The state isn't some metaphysical evil that's the "big bad", no - it's the oppressive class relations, and the state is merely an instrument to enforce such class relations. For the state to start withering away, one needs to do away with classes entirely, which means building up or repurposing productive forces for socialist mode of production, suppressing counter-revolutions (like in Russian Civil War) to keep the bourgeoisie away from returning to power, etc.

Just because you put ideas in a bucket it doesn't mean that there are causal relationships between them. The bourgeoisie return to power by taking over the state again, or a new bourgeois class grows up, a local and organic one, and does the same.

States and corporations, in of themselves, are entities similar to what's now called "AGI". They become self-sustaining self-centered entities. The ancient tradition, as pointed out by others ( https://davidgraeber.org/books/the-dawn-of-everything-a-new-history-of-humanity/ ), is to kill states early, in their infancy. Kill the state, start a new one or a different one when it's necessary, and repeat.

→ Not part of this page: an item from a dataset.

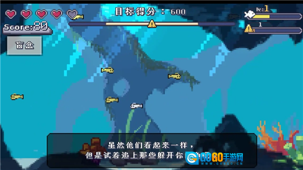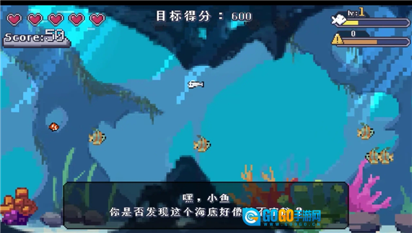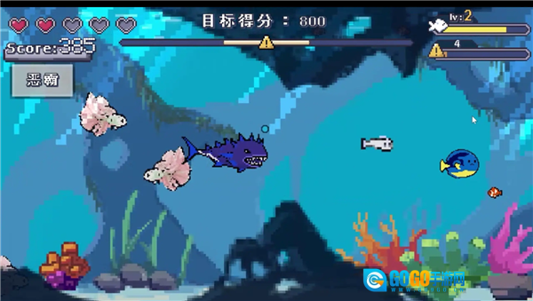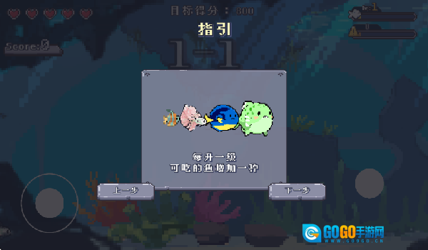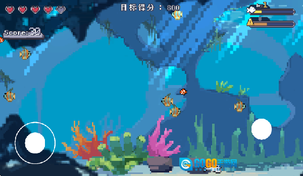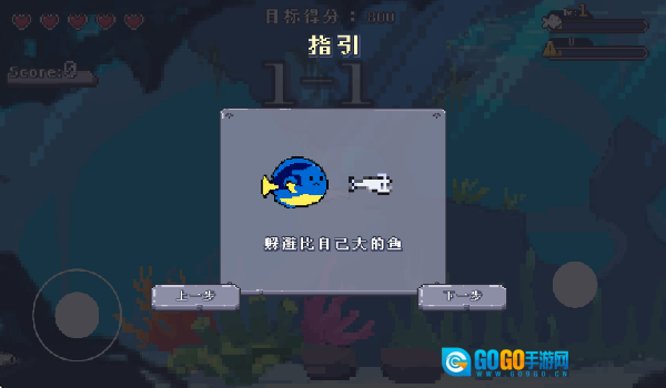 游动时要时刻留意自己的位置,要是被大鱼吞掉就会损失一条生命,左上角的红心一旦消失,就代表闯关失败了。

USSR had a peasant and industrial underdevelopment problem, where after the revolution there was no way to quickly "build up" these forces without taking multiple decades to a decent enough state where everyone's needs could be met via a planned economic model, which is a major task of a centralized state. Without this task being completed, capitalist commodity production model persists and state cannot wither away.

What's the point if you still end up with capitalism? These regimes are just doing a different flavor, an A/B test of a different strain of capitalism. You're relying on this causal claim that "it will happen", but it's based entirely on old theory that has not aged well at all. The "plan" literally looks like beating Capitalism with capitalism. That's just going to lead to more capitalism. I simply don't get how you can declare that such plans lead to the goals. And if they don't, they need to be scrapped.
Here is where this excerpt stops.